Porque también debemos recuperar una palabra que parece haberse convertido en políticamente incorrecta: exigencia.
Exigir a un niño no significa maltratarlo ni frustrarlo. Significa enseñarle que aprender requiere esfuerzo, repetición, concentración, memoria, curiosidad y constancia. En algún momento confundimos proteger a nuestros hijos con impedir que se enfrenten a cualquier dificultad.
Y todavía queda otro enorme problema: ¿para qué estamos formando?
Durante décadas hemos transmitido a generaciones enteras que el éxito consistía necesariamente en ir a la universidad. España necesita médicos, ingenieros, periodistas o abogados, naturalmente.
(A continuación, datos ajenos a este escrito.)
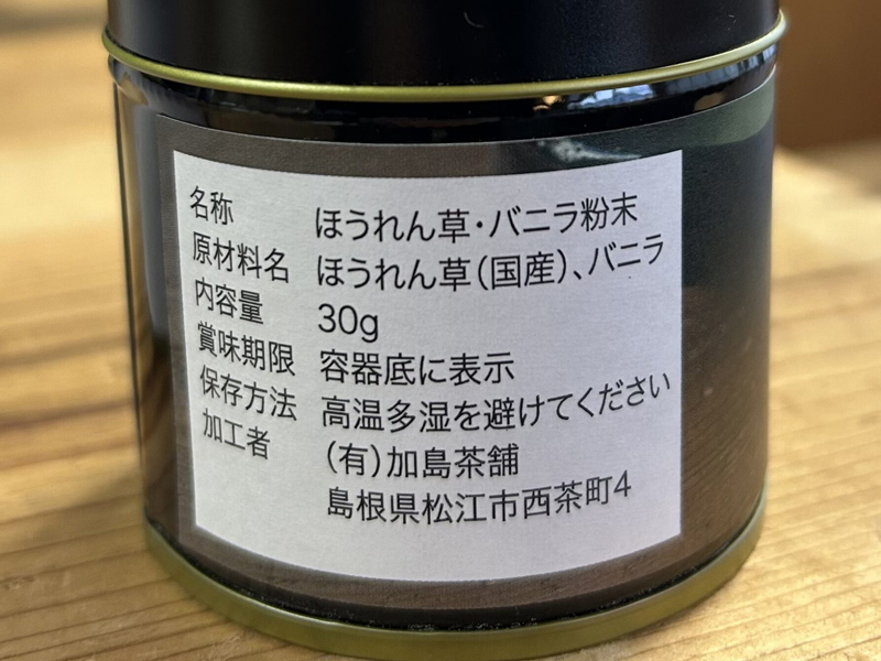 原料の産地 ほうれん草(国産)、バニラ

Pero necesita también electricistas, soldadores, mecánicos, instaladores, técnicos industriales, especialistas en climatización, programadores, profesionales sociosanitarios y trabajadores cualificados de decenas de sectores en los que las empresas tienen dificultades para encontrar personal. En estos momentos impulsamos jóvenes con exceso de ‘titulitis’ abocados al paro.
La Formación Profesional no puede continuar considerándose el hermano menor de la universidad.
La educación debería estar mucho más conectada con el mercado laboral real. No tiene sentido producir titulados en ámbitos saturados mientras las empresas buscan desesperadamente profesionales técnicos que pueden alcanzar magníficas condiciones laborales.
Y finalmente están los idiomas.
España continúa sin otorgar al inglés —y a las demás lenguas extranjeras— la importancia que merece. Dominar un idioma no consiste únicamente en aprobar una asignatura. Significa poder estudiar en otro país, trabajar en Londres, Berlín, Ámsterdam, Dublín, Nueva York o Singapur, acceder directamente al conocimiento internacional y relacionarse con cientos de millones de personas.
Es una herramienta profesional, pero también vital.
PISA 2025 deja un mensaje mucho más profundo que una clasificación internacional. Desde 2015, en España ha aumentado en 11 puntos porcentuales la proporción de alumnos de bajo rendimiento en matemáticas, 15 puntos en lectura y seis en ciencias.
Podemos seguir buscando culpables durante otros veinte años: al Gobierno, a los profesores, a los padres, a los móviles, a los alumnos o a las leyes. O aceptar algo bastante más incómodo: todos tenemos una parte de responsabilidad.
La recuperación de la educación española necesita mejores profesores y mejor respaldados, sí. Pero también familias presentes, alumnos que estudien, móviles fuera del aula cuando no sean necesarios, menos burocracia, más conocimientos, más Formación Profesional, más idiomas, más esfuerzo y, sobre todo, una política educativa que deje de cambiar cada vez que cambia el Gobierno.